One of my fellow speakers at the NACCE event pointed toward the complexity of this conflation. Accepting NACCE’s Lifetime Achievement award, venture capitalist and philanthropist Gururaj Deshpande of MIT pointed out that community colleges are unique to the United States. In India, Deshpande said, the focus is on high-stakes tests that unilaterally consign students either to the educated class or the working class. The system “had so narrowly focused learning on testing,” he said, “that memorization had replaced learning.” In other nations, entrance exams are the single point of entry to higher ed, so students work really hard—for example, in South Korea, where hagwons—private cram schools—make up a billion-dollar industry and one top tutor makes $4 million a year, as Amanda Ripley reported in the Wall Street Journal.

When you’ve only got one shot at college, there’s a lot of motivation for you to get it right. In the U.S. we’ve got lots of shots. Nation-to-nation comparisons of lazy U.S. students to hardworking students in East Asia often obscure this difference. In the U.S., you can fail out of high school, take the GED, dabble in a few community college classes, eventually transfer to a state university, graduate, and go on to get a medical degree or a Ph.D. It’s not the normal course for drop-outs, sure, but it is possible. And it’s the possibility—represented by a network of accessible, affordable community colleges that serve students who can’t move or stop life to go to a traditional college straight through—that has made ours a pretty good system. When one can fail, and failure does not doom one’s life chances, we all benefit. When we consider that inequality is largely a generational transfer from poor parents to their children, more opportunities for the vulnerable to take a risk on education can only be a good thing.

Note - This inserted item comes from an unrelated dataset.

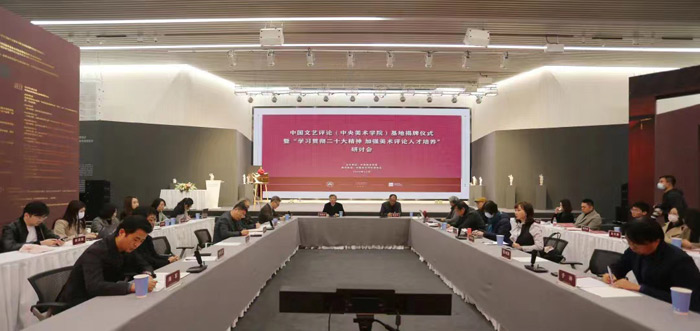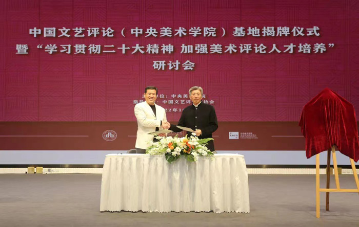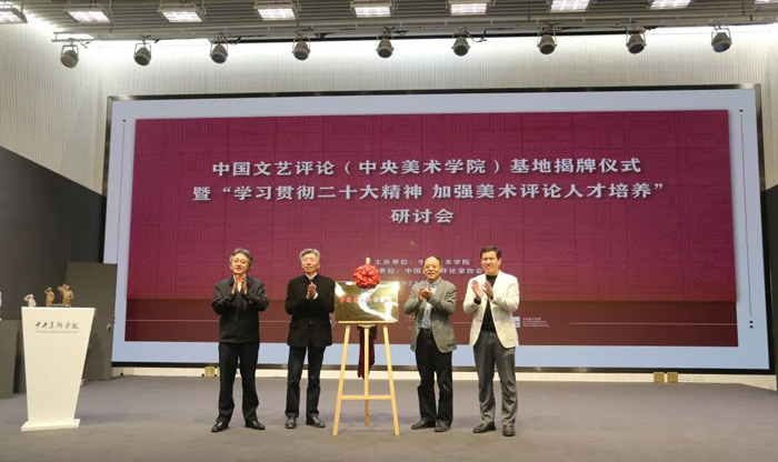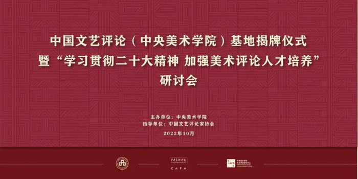2022年10月27日上午,中國文藝評論(中央美術學院)基地揭牌儀式暨“學習貫徹二十大精神加強美術評論人才培養”研討會在北京舉行。會議旨在深入學習黨的二十大精神,貫徹落實習近平總書記關于文藝工作的重要論述和文藝評論重要指示批示精神,特別是習近平總書記在中國文聯十一大、中國作協十大開幕式上的重要講話精神,落實中宣部等五部門聯合印發的《關于加強新時代文藝評論工作的指導意見》和中國文聯印發的《加強新時代文藝評論工作實施方案》,進一步推進文藝評論基地建設,打造高水平的文藝評論交流平臺,促進多元文化融合,共同推動文藝評論工作以及文藝評論人才培養在新時代的創新發展。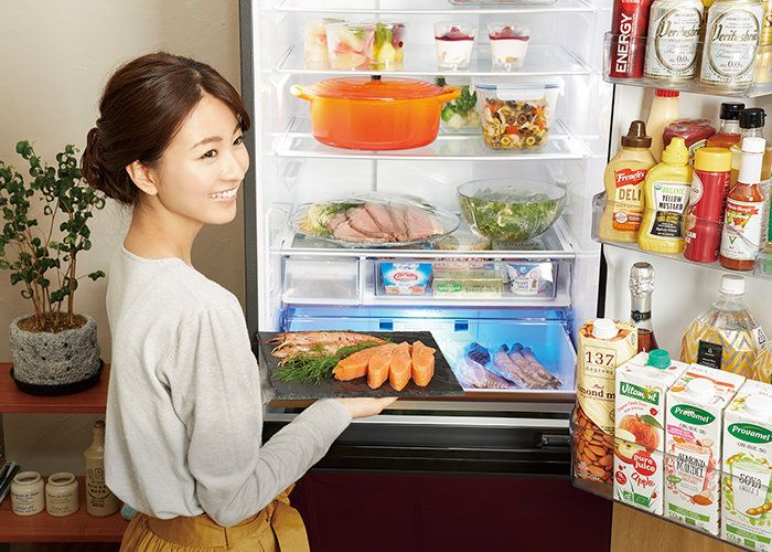 AQUAのDelieシリーズは、チルドルームを横約47cm×奥行き約29cmのワイド幅に。幅広パックが2つ横に並べて入る大容量。乾燥が気になるサラダや刺身などを盛り付けてインしておけば、塾帰りの子ども、残業帰りのパパと、バラバラの食事時間でもそのたび盛り付ける必要なし! パサつきや変色もしっかり抑えてくれるから、 鮮度もそのままに笑顔でサーブできます。

James Mellow, a hairdresser in Davis, Calif., recently told me how upset he was to hear that City College of San Francisco was facing closure. Back when Mellow was a couch-surfing young man in an expensive city, SFCC “was the kind of place you went to plug into a community or do something useful with your time while you looked for work,” he said. “Tuition was so cheap that it was more expensive not to take a class than to enroll.” Those are the kinds of daily risk calculations that need to tilt in favor of college enrollment. But betting on an expensive for-profit college is significantly riskier if the opportunity loads up so much debt that it effectively prevents you from ever re-enrolling in college—then you only have one shot. Similarly, a narrow focus on degree completions stifles the mission of community colleges to provide more access points for students who too often have to choose between managing their life and continuous enrollment. We need to recalculate the price we put on failure, and acknowledge that the freedom to drop out—and drop in—is one of our system’s most significant attributes.